§ Work item:
The copy must run from the line containing "[03:16.37] | 辽阔的土地一片沉寂 |" through the final line of the records, both included, exactly as written. It should contain no pictures.

§ Information supplied:
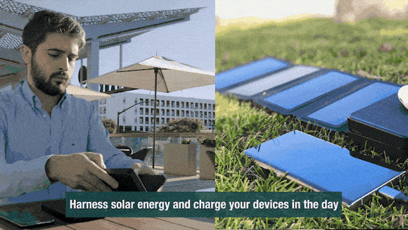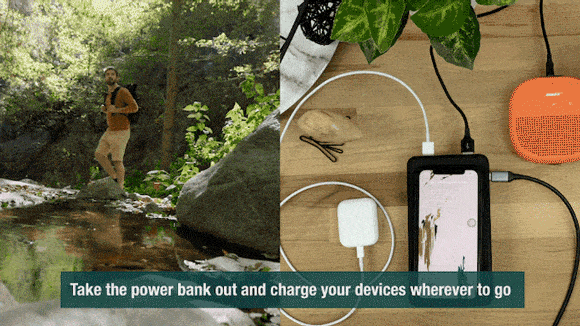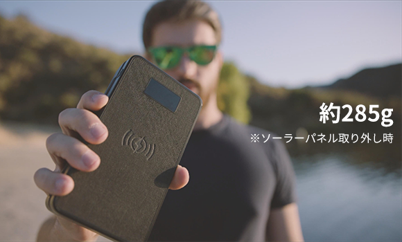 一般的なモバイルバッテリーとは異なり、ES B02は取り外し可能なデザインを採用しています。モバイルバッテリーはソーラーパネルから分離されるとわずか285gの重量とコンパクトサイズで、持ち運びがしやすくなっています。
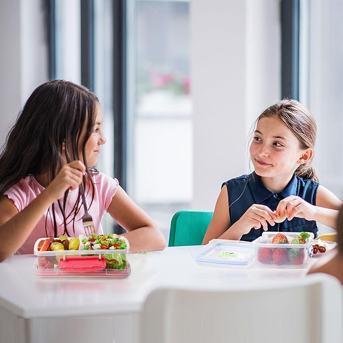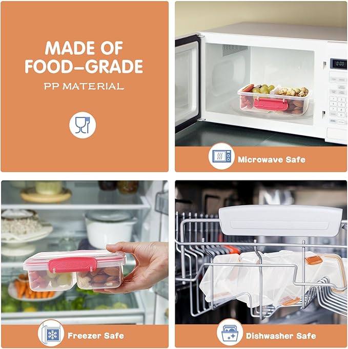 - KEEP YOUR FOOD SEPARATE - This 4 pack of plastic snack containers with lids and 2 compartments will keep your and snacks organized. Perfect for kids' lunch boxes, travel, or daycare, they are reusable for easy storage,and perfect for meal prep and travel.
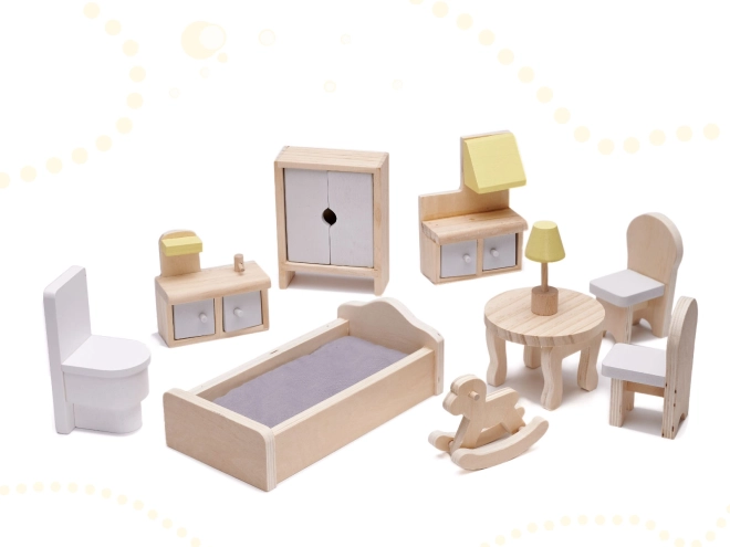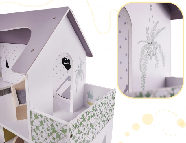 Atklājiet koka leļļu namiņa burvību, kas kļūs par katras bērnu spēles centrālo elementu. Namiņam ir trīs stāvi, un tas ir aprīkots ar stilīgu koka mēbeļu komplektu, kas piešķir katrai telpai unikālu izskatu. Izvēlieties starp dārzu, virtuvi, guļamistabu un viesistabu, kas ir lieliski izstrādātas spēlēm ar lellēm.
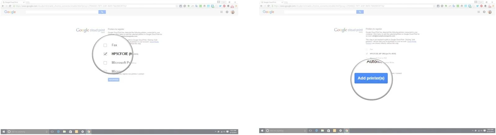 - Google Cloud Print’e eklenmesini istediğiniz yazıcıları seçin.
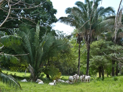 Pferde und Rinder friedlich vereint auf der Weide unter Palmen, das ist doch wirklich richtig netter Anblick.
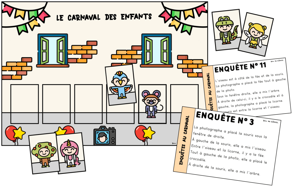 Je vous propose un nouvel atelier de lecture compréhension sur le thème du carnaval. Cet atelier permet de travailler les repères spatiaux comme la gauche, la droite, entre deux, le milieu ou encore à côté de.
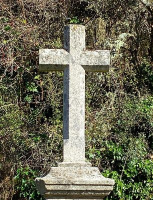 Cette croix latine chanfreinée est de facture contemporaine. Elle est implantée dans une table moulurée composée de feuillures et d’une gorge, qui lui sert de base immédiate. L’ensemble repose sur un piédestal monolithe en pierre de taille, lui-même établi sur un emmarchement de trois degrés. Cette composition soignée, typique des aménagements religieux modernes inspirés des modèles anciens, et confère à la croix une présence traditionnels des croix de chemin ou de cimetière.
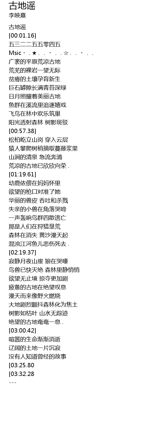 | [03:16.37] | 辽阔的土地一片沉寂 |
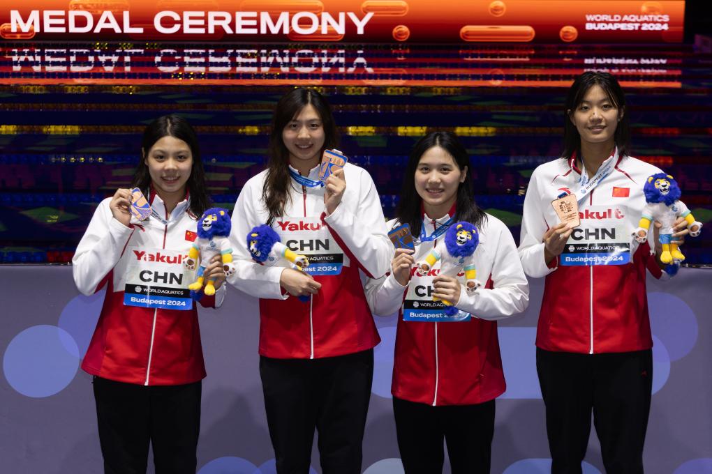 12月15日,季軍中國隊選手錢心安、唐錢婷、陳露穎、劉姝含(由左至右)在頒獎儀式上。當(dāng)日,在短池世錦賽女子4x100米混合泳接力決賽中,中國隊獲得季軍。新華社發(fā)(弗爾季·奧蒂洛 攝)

§ Task answer:
 | [03:16.37] | 辽阔的土地一片沉寂 |
 12月15日,季軍中國隊選手錢心安、唐錢婷、陳露穎、劉姝含(由左至右)在頒獎儀式上。當(dāng)日,在短池世錦賽女子4x100米混合泳接力決賽中,中國隊獲得季軍。新華社發(fā)(弗爾季·奧蒂洛 攝)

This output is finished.